Work instruction: Everything in the listing below must be set down again exactly, apart from the pictures.

Input data:
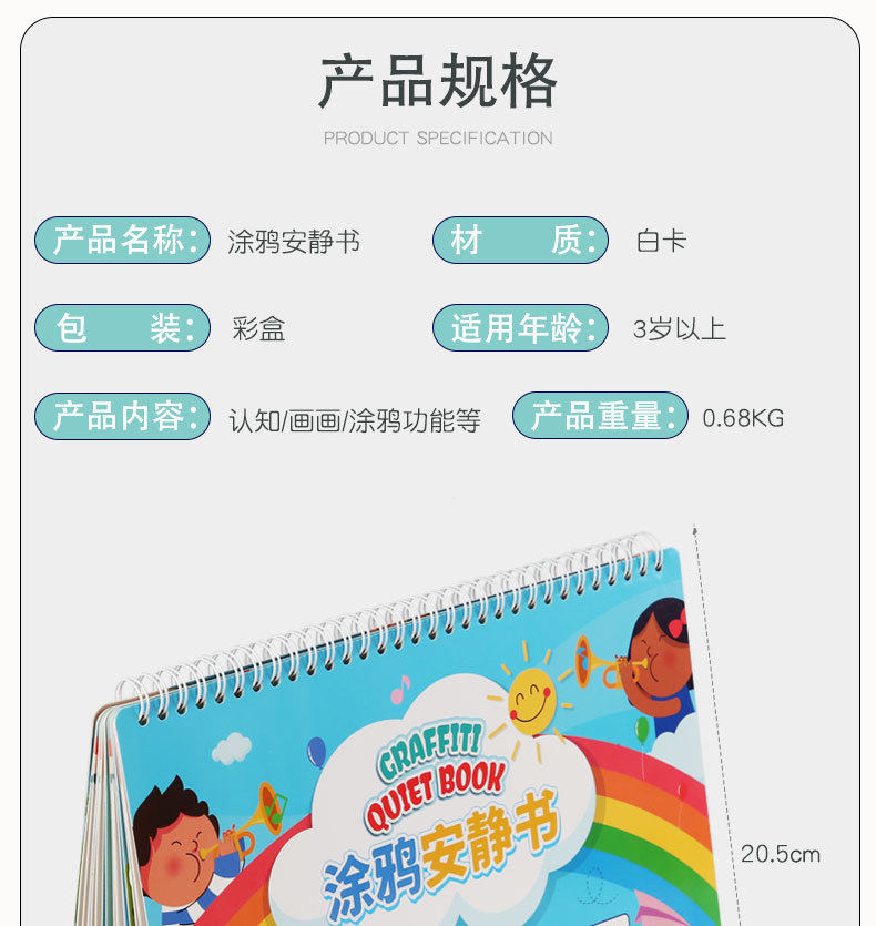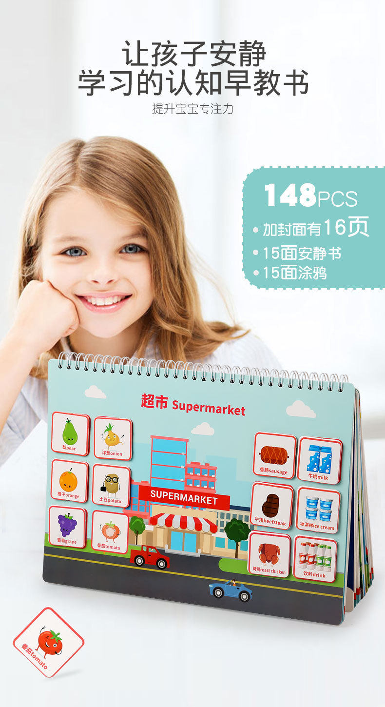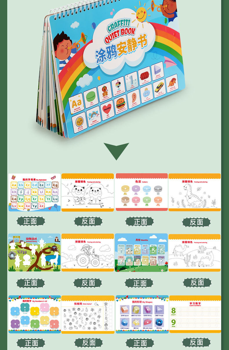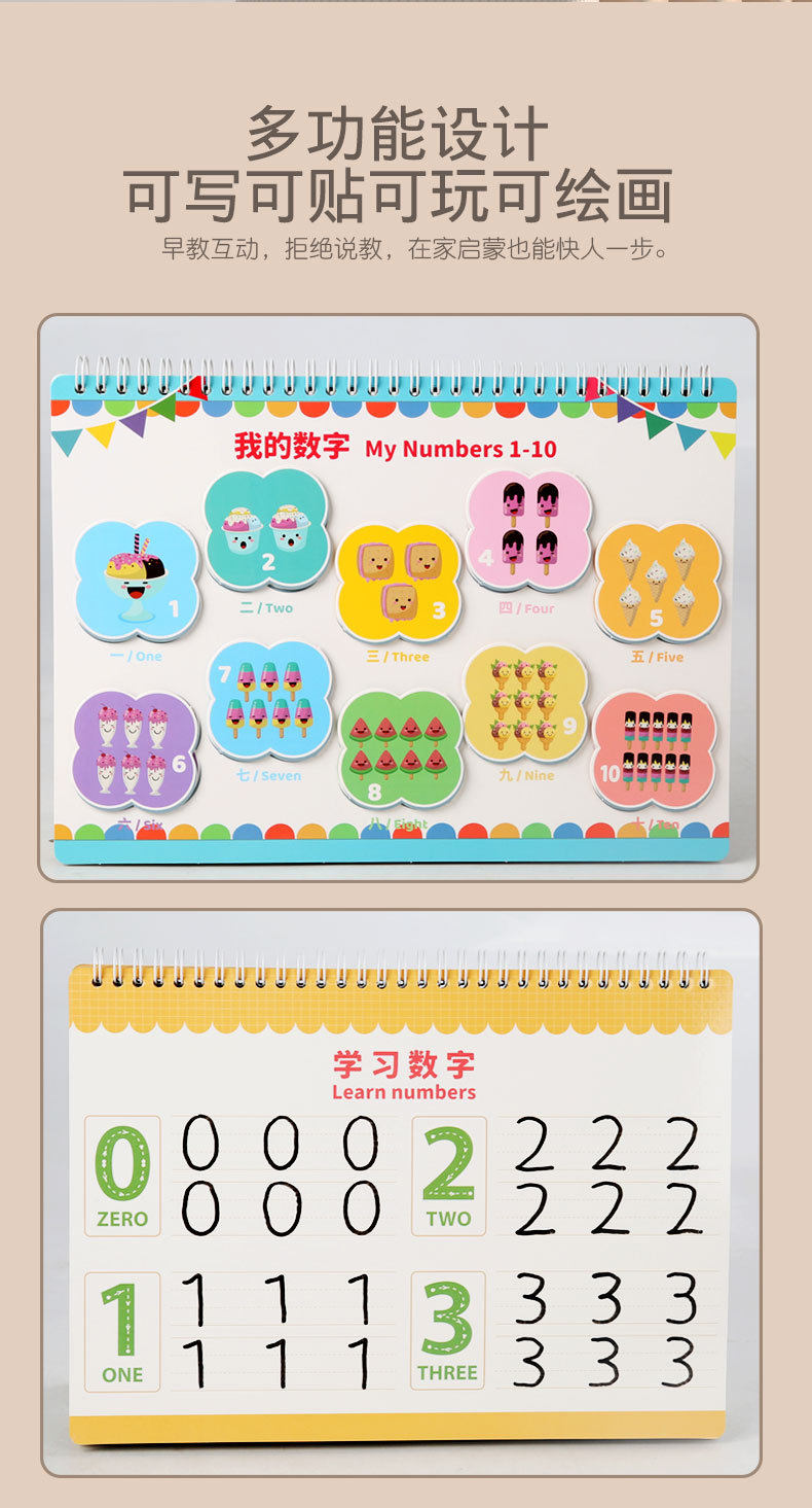 Early Education Enlightenment Doodle Quiet Book Montessori Sticky Painting Board Erasable Children's Educational Toy Tear-Off Book
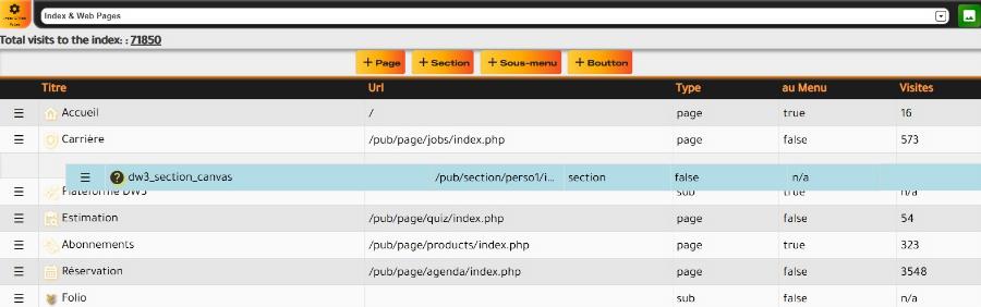 Ensuite vous apercevrez 4 boutons: +Page, +Section, +Sous-menu et +Bouton qui vous offriront un choix de différents éléments.
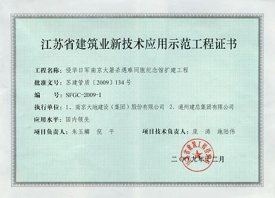 我公司承建的“侵華日軍南京大屠殺遇難同胞紀念館擴建工程”于09年下半年通過了第六批全國建筑業新技術應用示范工程的專家評審,結論為:應用新技術的整體水平達到“國內領先水平”。另外,本工程還被江蘇省建管局批準為“江蘇省第一批綠色施工示范工程”。該工程應用了建設部“建筑業十項新技術”的10大項17小項,江蘇省新技術4項,創新技術3項。該工程于近日取得了“江蘇省建筑業新技術應用示范工程證書”。

Written solution:
 Early Education Enlightenment Doodle Quiet Book Montessori Sticky Painting Board Erasable Children's Educational Toy Tear-Off Book
 Ensuite vous apercevrez 4 boutons: +Page, +Section, +Sous-menu et +Bouton qui vous offriront un choix de différents éléments.
 我公司承建的“侵華日軍南京大屠殺遇難同胞紀念館擴建工程”于09年下半年通過了第六批全國建筑業新技術應用示范工程的專家評審,結論為:應用新技術的整體水平達到“國內領先水平”。另外,本工程還被江蘇省建管局批準為“江蘇省第一批綠色施工示范工程”。該工程應用了建設部“建筑業十項新技術”的10大項17小項,江蘇省新技術4項,創新技術3項。該工程于近日取得了“江蘇省建筑業新技術應用示范工程證書”。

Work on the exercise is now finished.